Targeted delivery of small molecule drugs and advanced therapeutic modalities (cell-, growth factor- or RNA therapeutics) represents a novel and disruptive therapeutic modality with high potential for improving the ventricular function and patients’ outcomes, but their clinical translation is hampered by challenges related to tissue specificity, safety/tolerability, the complexity of drug development and regulatory pathway, as well as manufacturing.
Novel targeting strategies for therapeutic agents are therefore urgently needed, including e.g., targeted delivery of small molecule drugs, biologics, RNA therapeutics, cells, utilizing conjugations or drug-releasing biomaterials carriers for local support, as well as delivery of therapeutics loaded into biocompatible nanoparticles.


This research topic invites articles specifically addressing targeted delivery strategies that reduce ischemic burden, infarct expansion, limit infarct size, enhance re-vascularization of infarcted myocardium, reduces adverse cardiac remodeling, thereby prevent, and improve myocardial function. Manuscripts are sought that describe the advanced delivery approaches in this area, with focus on cardioprotective or regenerative therapeutics that increase treatment efficacy, reduce side effects and improves pharmacology and toxicology.
Submissions are welcome for the following article types: original research, review, mini-reviews, research protocol/method, opinion, and hypothesis.

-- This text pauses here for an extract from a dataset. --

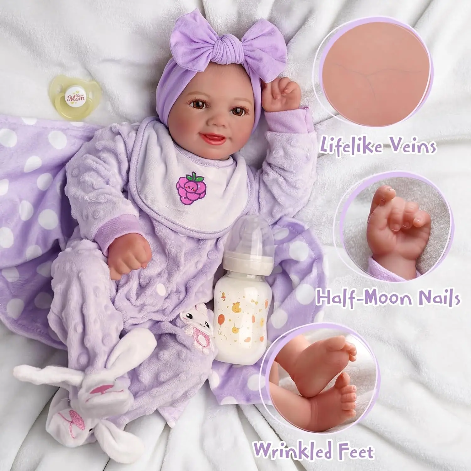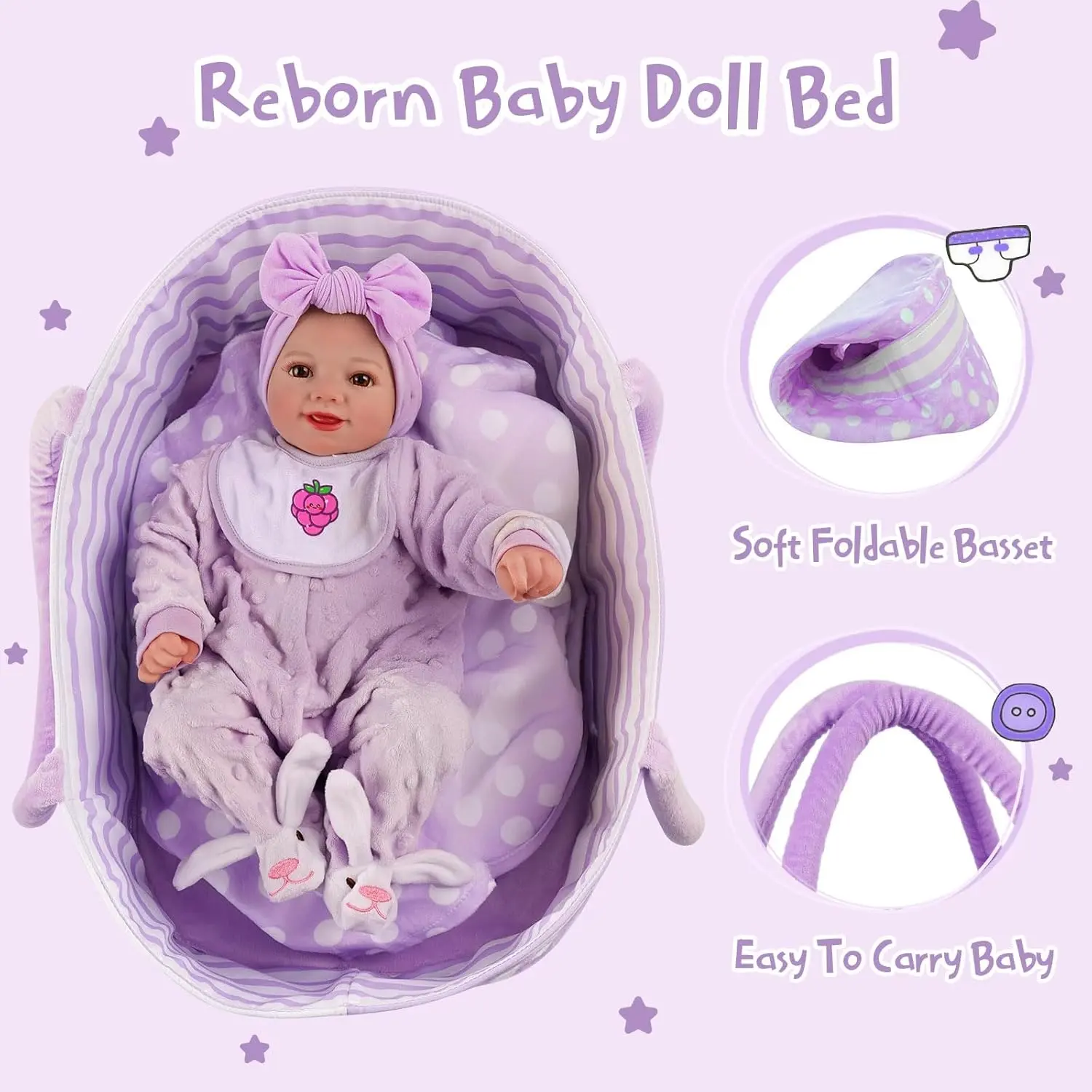 The image shows the reborn baby doll with its accessories. The doll is 17 inches tall, with a fabric body and vinyl limbs. 📸

Keywords: Cardiomyocyte-targeted Drug Delivery, Targeting of Biologics to Ischemia/reperfusion, Nanoparticle-Based Drug Delivery, Drug Conjugates, Targeted RNA Therapeutics, Magnetic Targeting, Targeted Regenerative Approaches


Important Note: All contributions to this Research Topic must be within the scope of the section and journal to which they are submitted, as defined in their mission statements. Frontiers reserves the right to guide an out-of-scope manuscript to a more suitable section or journal at any stage of peer review.

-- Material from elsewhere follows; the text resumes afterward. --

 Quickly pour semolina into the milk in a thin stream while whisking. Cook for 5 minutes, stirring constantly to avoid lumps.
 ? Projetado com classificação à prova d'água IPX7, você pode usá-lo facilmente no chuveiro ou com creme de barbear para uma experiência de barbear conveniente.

Ischemic heart disease is still the leading cause of death around the globe despite the evolution of our knowledge in biology and the advancement in patient care. Occlusion of coronary arteries induces ischemia followed by rapid upregulation of pro-inflammatory cytokines, increased oxidative stress and MMP2 activity, leading to an enhanced apoptosis of cardiac myocytes. Extended ischemia, coupled with reperfusion, lead to massive death of cardiomyocytes and inflammatory infiltration within the infarcted area, resulting in ventricular dysfunction, acute failure, with potentially fatal consequences. Over time, ventricular remodeling takes place, including formation of non-contractile fibrous scar tissue, thinning of the myocardial wall, revascularization in the periinfarct area, followed by progressive compensatory and later maladaptive hypertrophy and dilation of the ventricle, which no longer compensate for the loss of cardiac tissue, leading ultimately to congestive heart failure and death. The current therapy is primarily symptomatic, therefore novel, mechanistic-based therapeutic approaches are needed.

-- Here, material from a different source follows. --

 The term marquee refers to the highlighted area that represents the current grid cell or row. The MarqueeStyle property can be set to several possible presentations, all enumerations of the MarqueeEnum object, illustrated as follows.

Current therapies of cardiac ischemia, myocardial infarction (MI) and heart failure, aiming to preserve and improve ventricular function and clinical outcomes, include pharmacological interventions, surgical procedures, or mechanical left ventricular assist devices. Although mitigation of chronic ischemia and early reperfusion of the occluded artery, by means of coronary angioplasty and/or stent placement, can decrease infarct size, the loss of cardiac myocytes inevitably begins rapidly following ischemia, inducing permanent damage to the left ventricle. Several novel regenerative strategies addressing ischemic myocardium have demonstrated considerable experimental and clinical benefits.
Targeted delivery of small molecule drugs and advanced therapeutic modalities (cell-, growth factor- or RNA therapeutics) represents a novel and disruptive therapeutic modality with high potential for improving the ventricular function and patients’ outcomes, but their clinical translation is hampered by challenges related to tissue specificity, safety/tolerability, the complexity of drug development and regulatory pathway, as well as manufacturing.
Novel targeting strategies for therapeutic agents are therefore urgently needed, including e.g., targeted delivery of small molecule drugs, biologics, RNA therapeutics, cells, utilizing conjugations or drug-releasing biomaterials carriers for local support, as well as delivery of therapeutics loaded into biocompatible nanoparticles.


This research topic invites articles specifically addressing targeted delivery strategies that reduce ischemic burden, infarct expansion, limit infarct size, enhance re-vascularization of infarcted myocardium, reduces adverse cardiac remodeling, thereby prevent, and improve myocardial function. Manuscripts are sought that describe the advanced delivery approaches in this area, with focus on cardioprotective or regenerative therapeutics that increase treatment efficacy, reduce side effects and improves pharmacology and toxicology.
Submissions are welcome for the following article types: original research, review, mini-reviews, research protocol/method, opinion, and hypothesis.


Keywords: Cardiomyocyte-targeted Drug Delivery, Targeting of Biologics to Ischemia/reperfusion, Nanoparticle-Based Drug Delivery, Drug Conjugates, Targeted RNA Therapeutics, Magnetic Targeting, Targeted Regenerative Approaches


Important Note: All contributions to this Research Topic must be within the scope of the section and journal to which they are submitted, as defined in their mission statements. Frontiers reserves the right to guide an out-of-scope manuscript to a more suitable section or journal at any stage of peer review.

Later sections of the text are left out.